═════ DATA PROVIDED ═════
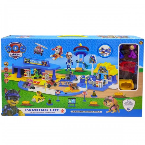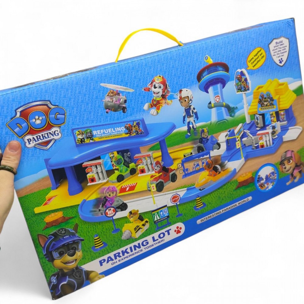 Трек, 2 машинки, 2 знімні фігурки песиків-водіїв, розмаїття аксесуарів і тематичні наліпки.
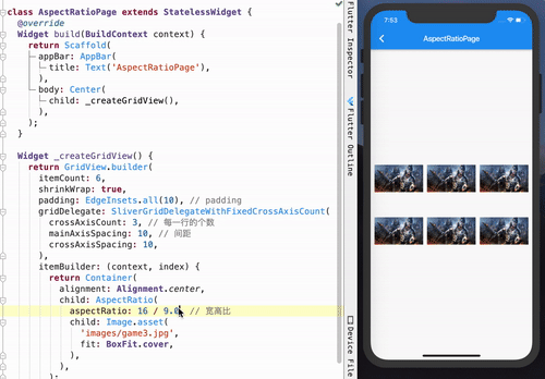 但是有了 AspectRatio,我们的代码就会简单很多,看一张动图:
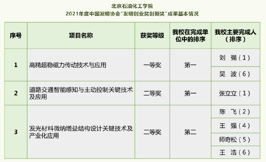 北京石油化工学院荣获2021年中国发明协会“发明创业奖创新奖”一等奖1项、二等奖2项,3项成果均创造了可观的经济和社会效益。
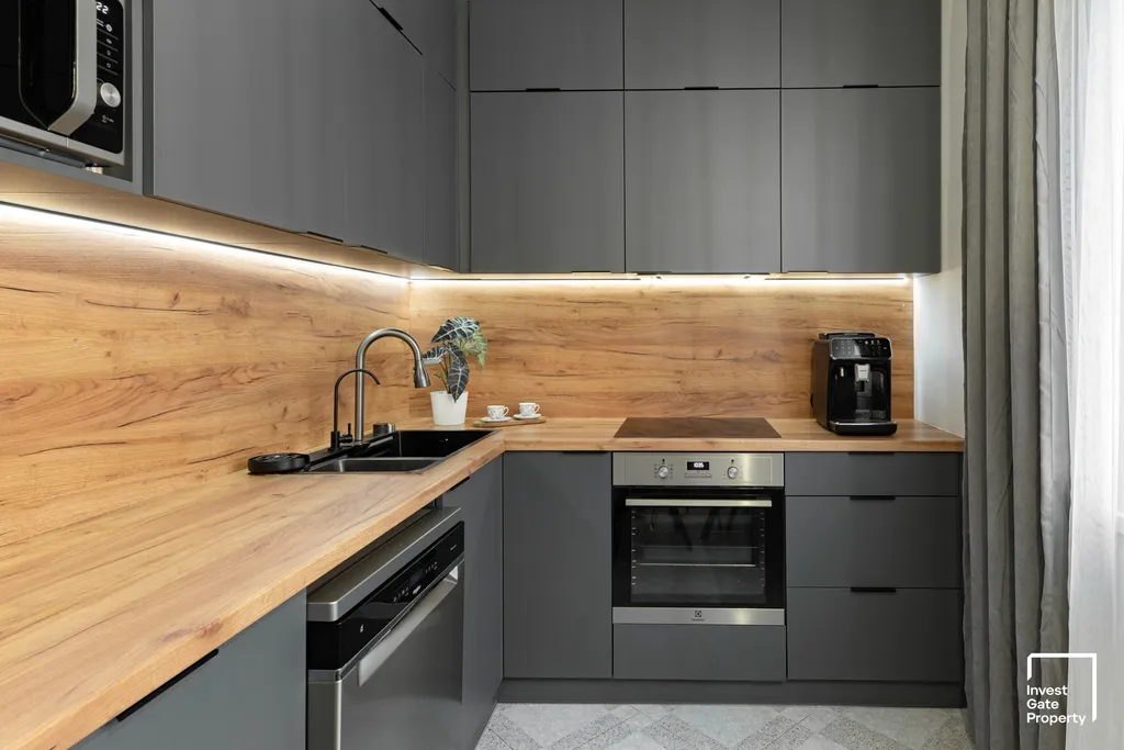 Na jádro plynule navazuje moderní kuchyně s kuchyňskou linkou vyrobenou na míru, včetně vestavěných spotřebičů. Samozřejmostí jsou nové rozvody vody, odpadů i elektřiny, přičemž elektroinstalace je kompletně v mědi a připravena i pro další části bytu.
═════
═════ DATA PROVIDED ═════
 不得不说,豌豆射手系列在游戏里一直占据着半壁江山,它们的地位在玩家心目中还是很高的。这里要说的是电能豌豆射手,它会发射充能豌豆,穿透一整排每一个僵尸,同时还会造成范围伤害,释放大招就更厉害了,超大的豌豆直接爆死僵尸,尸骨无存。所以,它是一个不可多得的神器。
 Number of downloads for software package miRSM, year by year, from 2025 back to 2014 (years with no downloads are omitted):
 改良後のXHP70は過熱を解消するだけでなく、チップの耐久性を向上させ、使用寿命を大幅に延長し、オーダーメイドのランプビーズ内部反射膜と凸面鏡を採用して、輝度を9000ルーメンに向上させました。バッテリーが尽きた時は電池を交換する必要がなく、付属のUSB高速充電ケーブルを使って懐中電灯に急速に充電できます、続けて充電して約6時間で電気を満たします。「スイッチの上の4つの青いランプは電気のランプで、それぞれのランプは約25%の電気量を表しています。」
═════
═════ DATA PROVIDED ═════
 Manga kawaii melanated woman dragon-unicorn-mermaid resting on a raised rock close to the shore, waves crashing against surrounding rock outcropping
═════
→ **DIRECTIONS FOR THIS TASK**: Would you output the lines above from the line holding "北京石油化工学院荣获2021" up to and including the line holding "Na jádro plynule", exactly and only those, with no pictures?

→ **FINISHED EXERCISE**:
 北京石油化工学院荣获2021年中国发明协会“发明创业奖创新奖”一等奖1项、二等奖2项,3项成果均创造了可观的经济和社会效益。
 Na jádro plynule navazuje moderní kuchyně s kuchyňskou linkou vyrobenou na míru, včetně vestavěných spotřebičů. Samozřejmostí jsou nové rozvody vody, odpadů i elektřiny, přičemž elektroinstalace je kompletně v mědi a připravena i pro další části bytu.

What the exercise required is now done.